Text Encodings

Evennia is a text-based game server. This makes it important to understand how it actually deals with data in the form of text.

Text byte encodings describe how a string of text is actually stored in the computer - that is, the particular sequence of bytes used to represent the letters of your particular alphabet. A common encoding used in English-speaking languages is the ASCII encoding. This describes the letters in the English alphabet (Aa-Zz) as well as a bunch of special characters. For describing other character sets (such as that of other languages with other letters than English), sets with names such as Latin-1, ISO-8859-3 and ARMSCII-8 are used. There are hundreds of different byte encodings in use around the world.

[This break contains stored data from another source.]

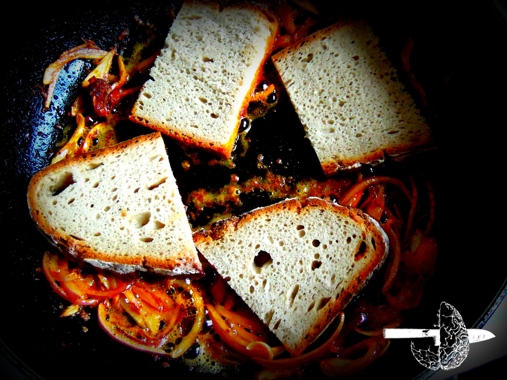 Najpierw cebulowe tosty z czerwonym chili na maśle (masło, chili, cebula czerwona i gdy już rumiana wrzucamy kromki prawdziwego chleba na zakwasie (tym razem pytlowy pszenny) i zaczerwienione kromki układamy na talerzu i robimy…
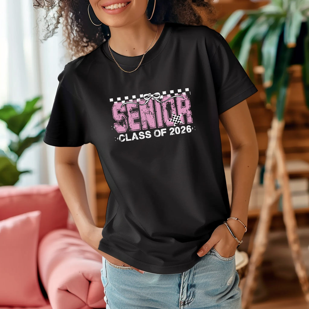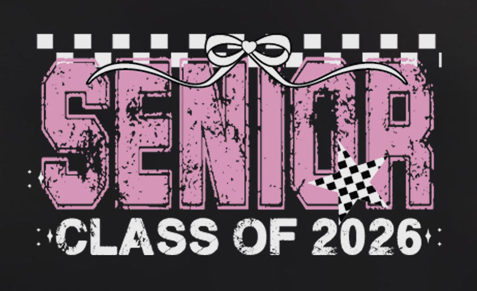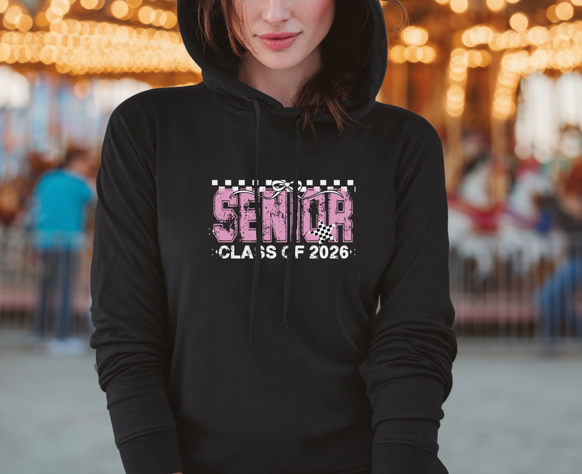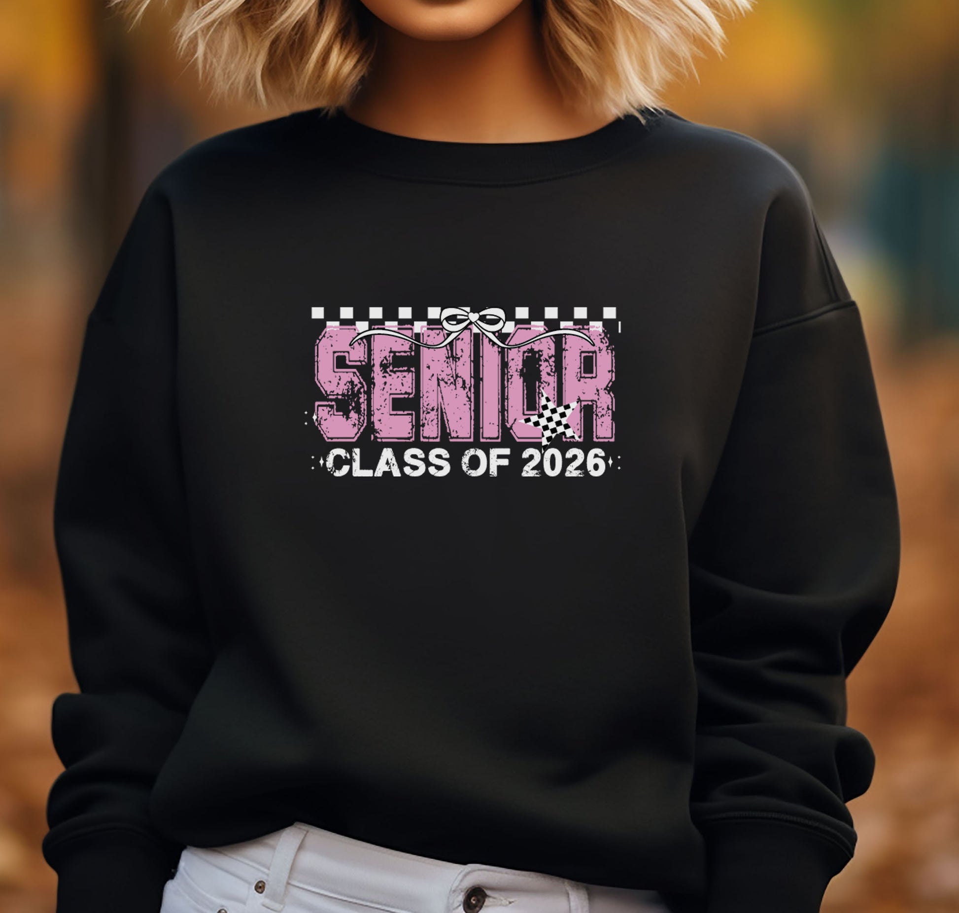 This black shirt has the word "SENIOR" in distressed pink. Over it is a white checkered pattern. Under the words senior are the words "Class Of 2026" in white. It comes in your choice of a crew neck T-shirt, sweatshirt or hoodie in unisex sizes.
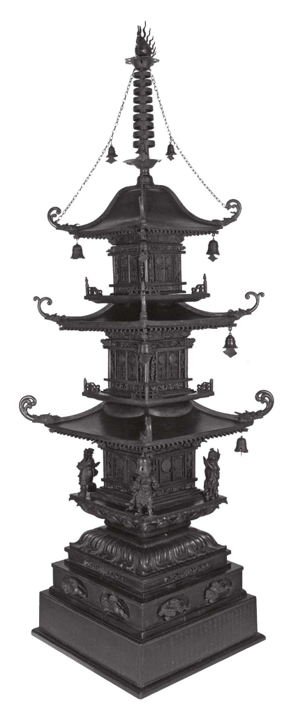 展覽由一座三層的寶塔揭開序幕,在鄰近入口處展示一件紀年1839的青銅塔。這座寶塔源自江戶幕府德川家的靈廟之一增上寺,曾在1883年「國際殖民和商業展覽會」(Internationale Koloniale en Uitvoerhandel Tentoonstelling)的日本館展出,該展覽就在當時仍在建設中的荷蘭國家博物館(1885年完工)前的廣場舉行。這座寶塔與來自亞洲的許多其他物品一起,在西方殖民背景下展出,標誌西方收藏亞洲青銅藝術品的濫觴。

A string of letters in a byte encoding is represented with the bytes type. In contrast to the byte encoding is the unicode representation. In Python this is the str type. The unicode is an internationally agreed-upon table describing essentially all available letters you could ever want to print. Everything from English to Chinese alphabets and all in between. So what Evennia (as well as Python and Django) does is to store everything in Unicode internally, but then converts the data to one of the encodings whenever outputting data to the user.

An easy memory aid is that bytes are what are sent over the network wire. At all other times, str (unicode) is used. This means that we must convert between the two at the points where we send/receive network data.

The problem is that when receiving a string of bytes over the network it’s impossible for Evennia to guess which encoding was used - it’s just a bunch of bytes! Evennia must know the encoding in order to convert back and from the correct unicode representation.

How to customize encodings

As long as you stick to the standard ASCII character set (which means the normal English characters, basically) you should not have to worry much about this section.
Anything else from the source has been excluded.